Akram Alfy is an Egyptian researcher at Al-Ahram Centre for Political and Strategic Studies who specialises in social movements, youth mobilisation and agency, and processes of social and political change in Egypt. He is the author of numerous publications and studies.

Ali Bakr is an Egyptian political analyst at Al-Ahram Centre for Political and Strategic Studies who also heads the Islamist Movements Studies Programme at the Regional Centre for Strategic Studies. He is also a Senior Researcher at the Center for Egyptian Affairs. He has over 20 years of experience on Islamic movements, part of which was through his personal experience as a member of one of the Islamic groups. Ali has produced numerous publications on Islamist networks, radicalism and terrorism. His writings have appeared in Egyptian and international publications and is a regular commentator on Islamist movements in the press and media.

Dawn Chatty is Emeritus Professor in Anthropology and Forced Migration and former Director of the Refugee Studies Centre, Department of International Development (Queen Elizabeth House), University of Oxford, UK. Her research interests include nomadic pastoralism and conservation, gender and development, health, illness and culture, and coping strategies of refugee youth. Among her most recent books are: Children of Palestine: Experiencing Forced Migration in the Middle East (ed. with Gillian Lewando-Hundt, Berghahn, 2005); Handbook on Nomads in the Middle East and North Africa (ed., Brill, 2006; and Displacement and Dispossession in the Modern Middle East, Cambridge University Press, 2010).

Can Cemgil is an Assistant Professor at Istanbul Bilgi University, Institute of Social Sciences. He received his PhD degree from the University of Sussex in 2015. His research interests include international historical sociology, international theory, Middle Eastern geopolitics, Turkish foreign policy and social theory of international politics. Currently he works on the notion of difference in postcolonial and Marxist studies in IR. He has published in Globalizations, Cambridge Review of International Affairs and Philosophy and Social Criticism.

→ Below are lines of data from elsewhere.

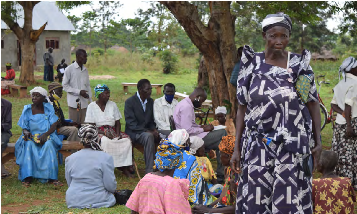
Figure 13. Local government official, seated centre, validating the details of people who claim that errors on their National IDs are preventing them from accessing the SCG.

excluded from receiving the SCG cash transfer. No other targeting mechanisms, such as community meetings, are used to supplement or correct the NIRA data. During our research, we witnessed the process of data validation currently being undertaken by the local government officials and the PMU to determine the scope of the problem; according to senior sources, as many as 40,000 persons over the age of 80 have errors on their NIC and in the NIR and as many as 10,000 did not have IDs at all. This is about one quarter of all persons over the age of 80 in Uganda, according to UBOS projections, and likely still an undercount of the full extent of the problem.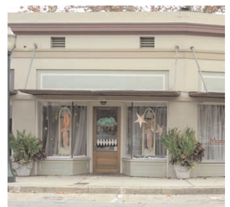
Planters in front of Tom Mason Communication on upper Dauphin Street add color and texture to the streetscape.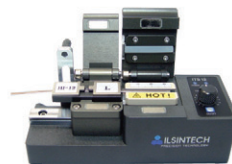
ITS-12 Thermal Stripper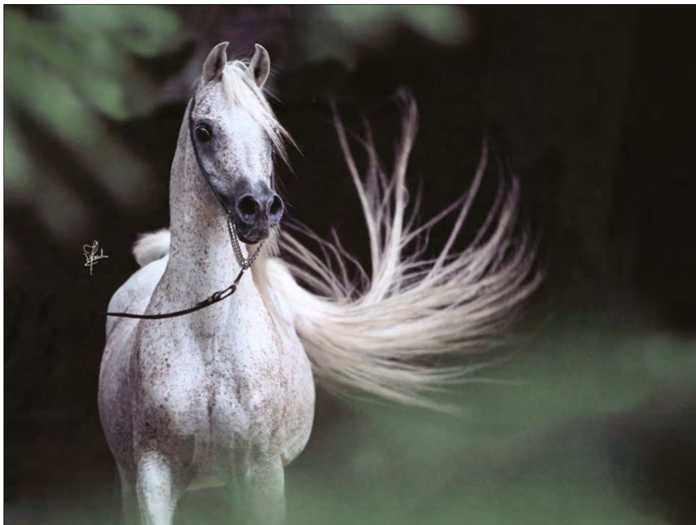
NK HAFID JAMIL ( Ibn Nejdj x Helala )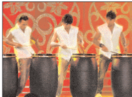
Nadro in action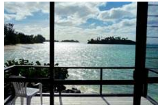
Amazing lagoon view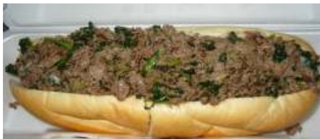
THIS ONE WITHOUT ONIONS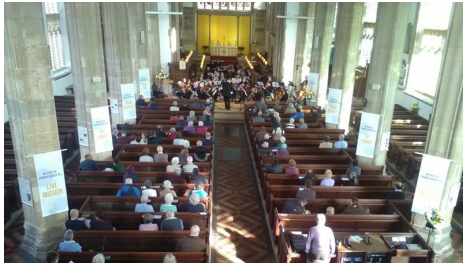
The Rusty Players performing in Cromer Parish Church on their recent tour of North Norfolk.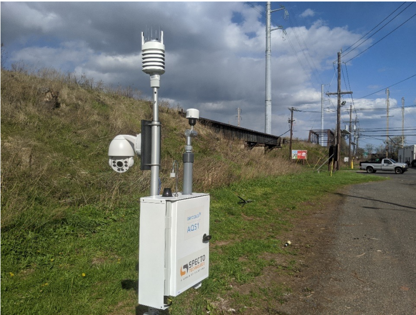
PTZ Camera/Weather Station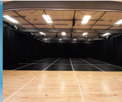
Dance Victoria: Black box theatre space - New track lighting & curtains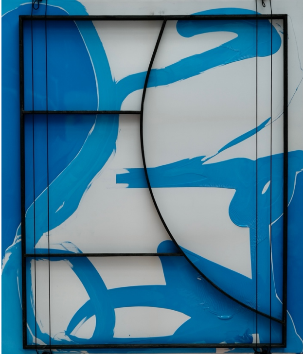
INTERNATIONAL TOPLAC PLUS, 2023

Toplac on samba, steamed and burned Norwegian pinewood, elastic strings, angle iron, 186,5 x 161,5 cm

Shelley Deane is the Director of Brehon Advisory working on conflict, education, mediation and investment in the Middle East and North Africa. Formerly Assistant Professor of International Relations and Middle East Politics at Bowdoin College, Shelley researches the ending and mending of conflicts, mediation and negotiation, peace agreements, security pacts, factions, and states in conflict. She has mediation, aid, development and security experience in Iraq, Egypt, Lebanon, Jordan, Tunisia, Palestine, the UAE and Ireland. Shelley has a PhD in Government from the LSE (London School of Economics and Political Science), is a board member with GOAL UK, and a Visiting Fellow at ISCTSJ (Institute for the Study of Conflict Transformation and Social Justice) at Queens University Belfast.

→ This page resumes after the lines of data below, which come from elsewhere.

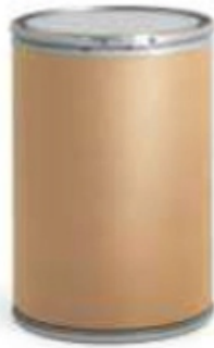
Plain Paper Drum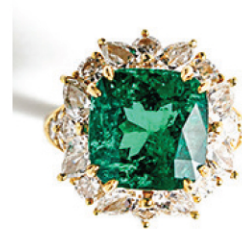
Lot 73 - 8.39 AGL Certified Colombian Emerald Ring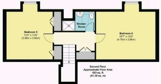
Second Floor Approximate Floor Area 553 sq. ft (51.38 sq. m)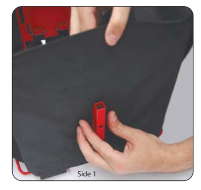
Step 6: Pull the bag opening over the red handle receiver and press on either side to secure the hook and loop strips.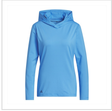
Lucid Ray Blue (KB5870)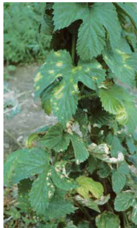
Figure 256. Yellow spots on leaves caused by paraquat drift. (R. Parker)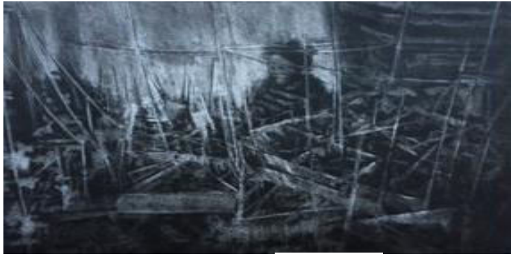
Figure 8 Losing Luck

Figure 6 depicts the "Bun Kathin" painting. The villagers consider it to be of great value that they give the Buddha his robes at this 12th month rite. Kathin's body is three times paraded to the shrine in this painting. They then participate in the Kathin robe offering rite alongside the monks.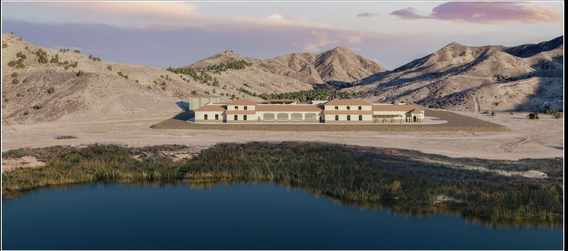
AWPF at Reservoir Site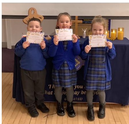
Reception class award winners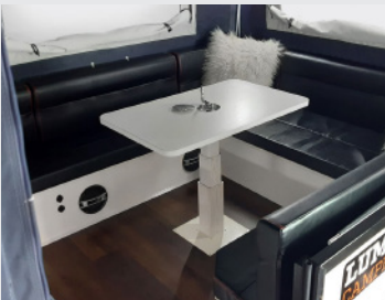
Large Seating Space Converts to Double Bed Area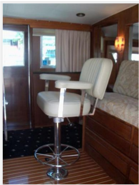
Pilothouse Helm Chair & Sofa Seating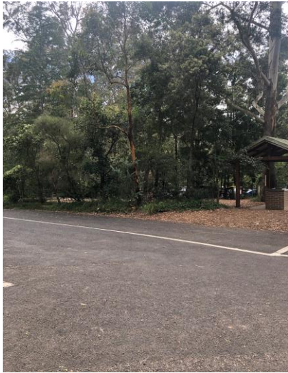
coach parking spot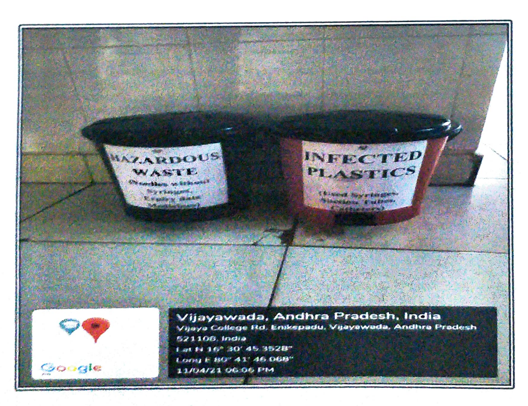
Bio-Waste bins in Laboratories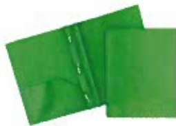
2 plastic pocket folders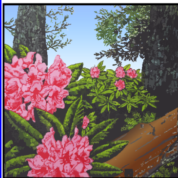
Eureka Chapter American Rhododendron Society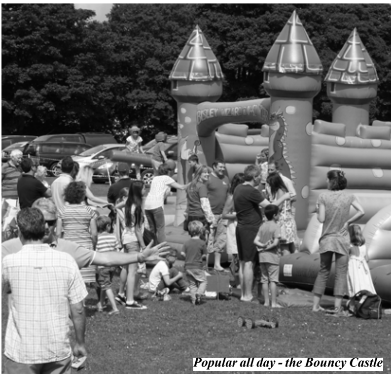
Popular all day - the Bouncy Castle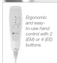
Ergonomic and easy-to-use hand control with 2 (EM) or 4 (EE) buttons.

Clemens Hoffmann received his DPhil in International Relations from the University of Sussex in 2010 with a thesis on post-Ottoman state formation entitled the ‘Fallacy of Modernity’. More recently, his work has focused on the relation between political rule and its relationship to nature, exploring the origins of and alternatives to hydrocarbon-based state-led developmentalism through the lens of a geopolitical ecology. He currently works as an Assistant Professor at Bilkent University, Ankara, Turkey, where he teaches World Politics, Development and Environment courses. He has published in Global Environmental Change, Environment and Planning C: Government and Policy, Cambridge Review of International Affairs and Cooperation and Conflict.

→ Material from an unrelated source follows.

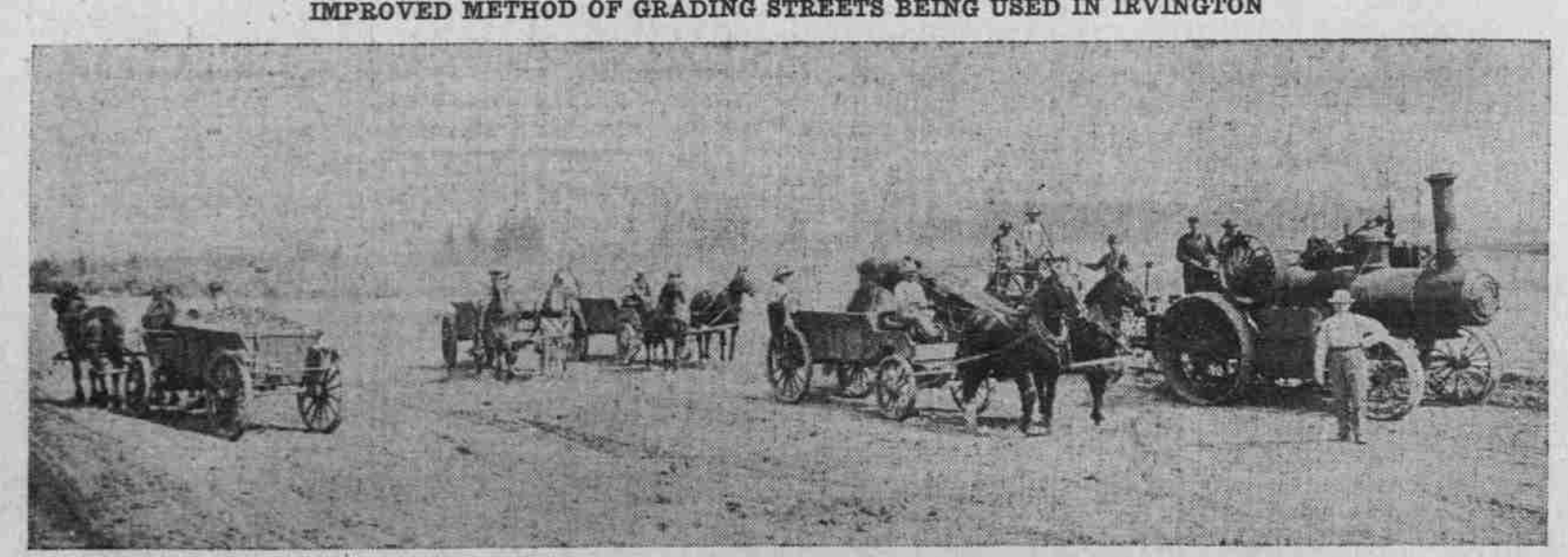
The accompanying illustration shows how Elwood Wiles is improving and grading the streets in what was known as the old Irvington race. This grading outfit is the most improved and up-to-date in the city.

The Campmeeting Association bought eight acres at this point for $200 an acre, and recently sold off three acres on the preliminary work of construction of a Flat."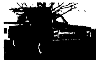
'87 Chevy Scottsdale 4x4, 1/2 Ton, Heavy Duty, AT, PS, PB, Air, 350 Engine, Cloth Seat, Gray, Excellent Condition, 11,000 Miles.

Jan Selby is Professor of International Relations at the University of Sussex, and Director of the Sussex Centre for Conflict and Security Research. His research focuses on environmental security, peace processes, the linkages between conflict and development, and the Israeli-Palestinian conflict. He is author of Water, Power and Politics in the Middle East (I.B. Tauris, 2003) and more recent books and articles on climate security, militarism, liberal peace-building, International Relations theory, and Israeli-Palestinian water politics.

Magdy Rezk obtained his Bachelor of Science in Economics from Cairo University in 1981 and has been Director of the Center for Egyptian Affairs Studies, since September 2013. Previous experience includes positions as Deputy Director, Center for Political and Strategic Studies, Al-Ahram newspaper; Editor in Chief of Ahwal Masria Review (previously Vice Editor); and Senior Economist at the Center for Political and Strategic Studies, Al-Ahram newspaper (previously Economic Researcher and Assistant Researcher). Magdy’s research areas are Egyptian and Regional Economies (especially Iran and GCC Countries).

Mariz Tadros is the Power and Popular Politics Cluster co-leader at the Institute of Development Studies (IDS). She is the author of Resistance, Revolt and Gender Justice in Egypt (Syracuse University Press, 2016); Copts at the Crossroads (American University Press and Oxford University Press of America, 2013) and The Muslim Brotherhood in Contemporary Egypt (Routledge, 2012). She is also the editor of the volume Women in Politics (Zed Books, 2014) and has written extensively on democratisation, unruly politics and citizen engagement in the Middle East.